> [EXERCISE REQUIREMENTS]: In the data below, begin at the line with "The Front Runner" and stop after the line with "2019年企業(yè)信譽(yù)等級(jí)證明材料安"; output those lines exactly and no pictures.

> [EXTRACTED MATERIAL]:
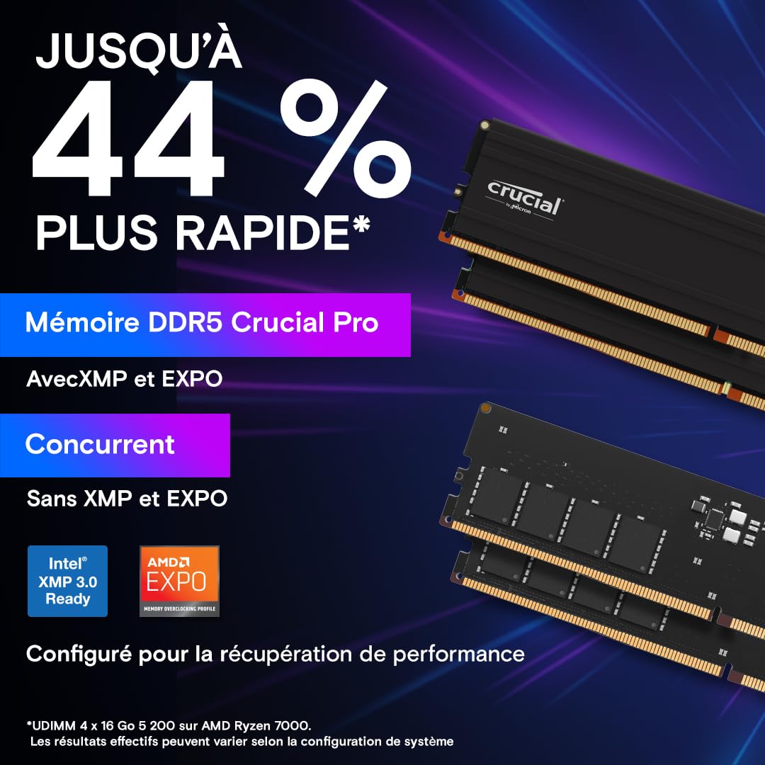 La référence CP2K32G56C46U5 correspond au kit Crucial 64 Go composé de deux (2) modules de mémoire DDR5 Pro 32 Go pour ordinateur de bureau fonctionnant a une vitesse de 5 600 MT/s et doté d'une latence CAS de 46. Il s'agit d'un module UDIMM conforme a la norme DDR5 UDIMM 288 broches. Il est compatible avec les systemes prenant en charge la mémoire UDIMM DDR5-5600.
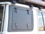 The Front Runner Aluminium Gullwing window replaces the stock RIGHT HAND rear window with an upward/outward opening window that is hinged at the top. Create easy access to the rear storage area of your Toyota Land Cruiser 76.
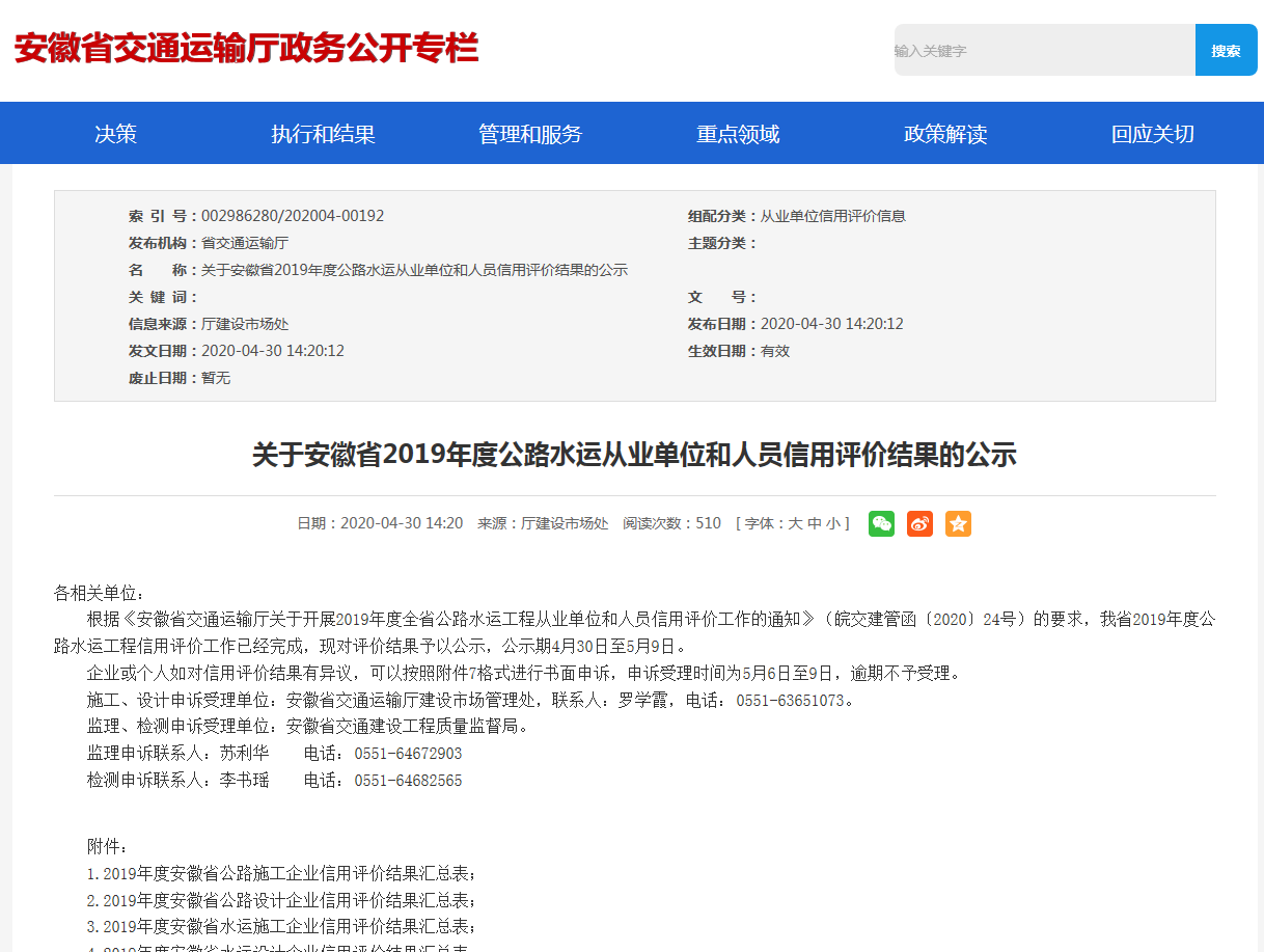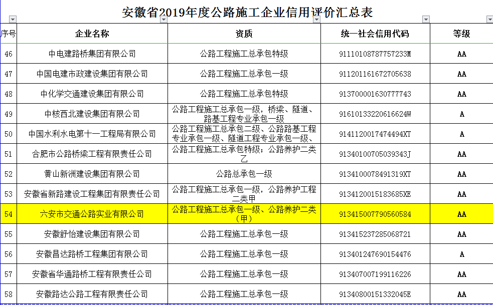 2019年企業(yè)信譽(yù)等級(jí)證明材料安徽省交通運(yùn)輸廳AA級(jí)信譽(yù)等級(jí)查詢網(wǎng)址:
--
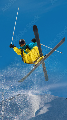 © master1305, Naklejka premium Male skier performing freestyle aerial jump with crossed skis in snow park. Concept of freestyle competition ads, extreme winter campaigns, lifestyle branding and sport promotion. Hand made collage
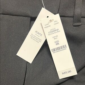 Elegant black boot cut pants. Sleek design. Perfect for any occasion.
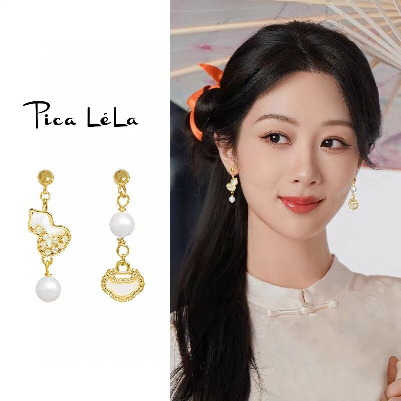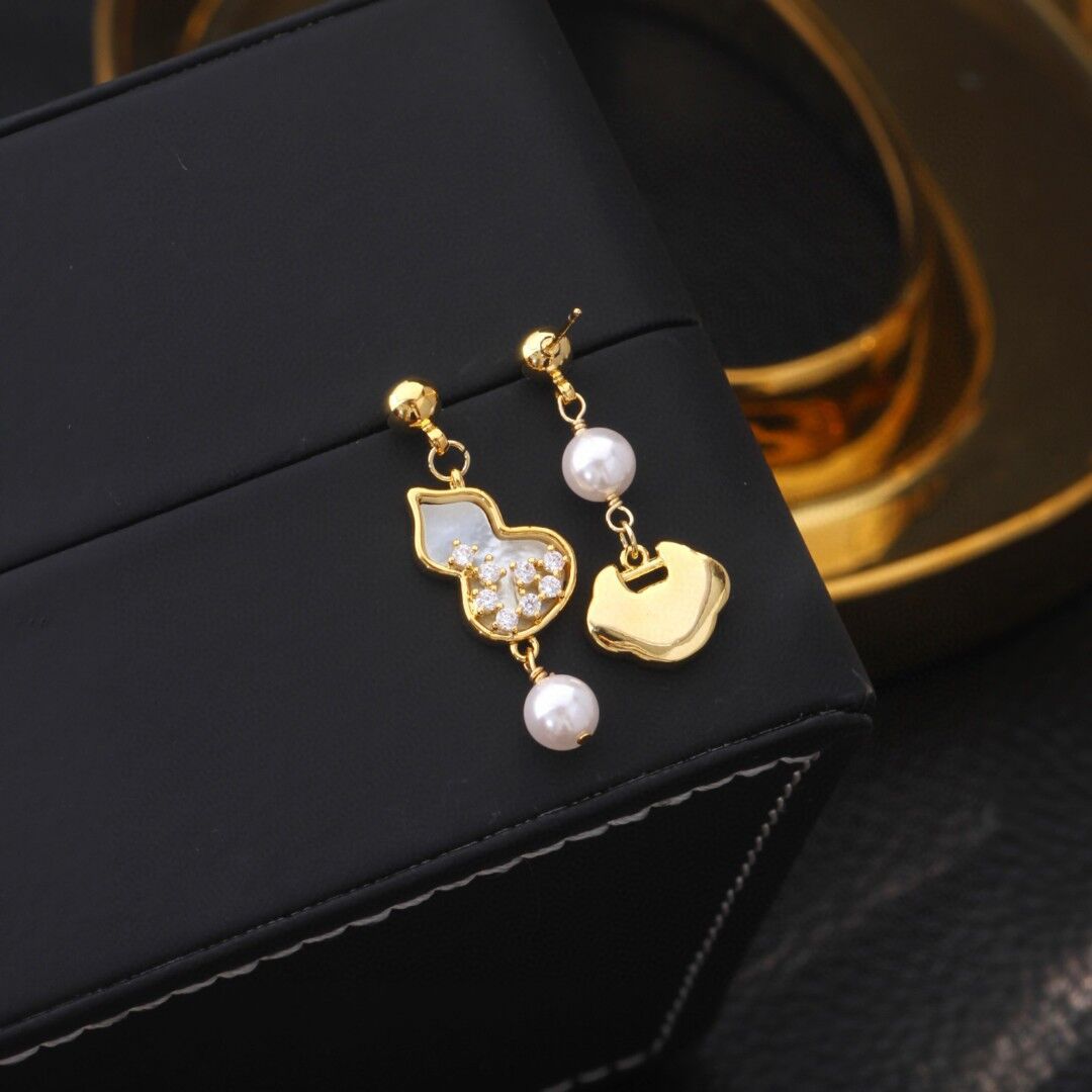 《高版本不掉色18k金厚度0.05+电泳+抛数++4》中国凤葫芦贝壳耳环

> [REPLY TO THE EXERCISE]:
 The Front Runner Aluminium Gullwing window replaces the stock RIGHT HAND rear window with an upward/outward opening window that is hinged at the top. Create easy access to the rear storage area of your Toyota Land Cruiser 76.
 2019年企業(yè)信譽(yù)等級(jí)證明材料安徽省交通運(yùn)輸廳AA級(jí)信譽(yù)等級(jí)查詢網(wǎng)址:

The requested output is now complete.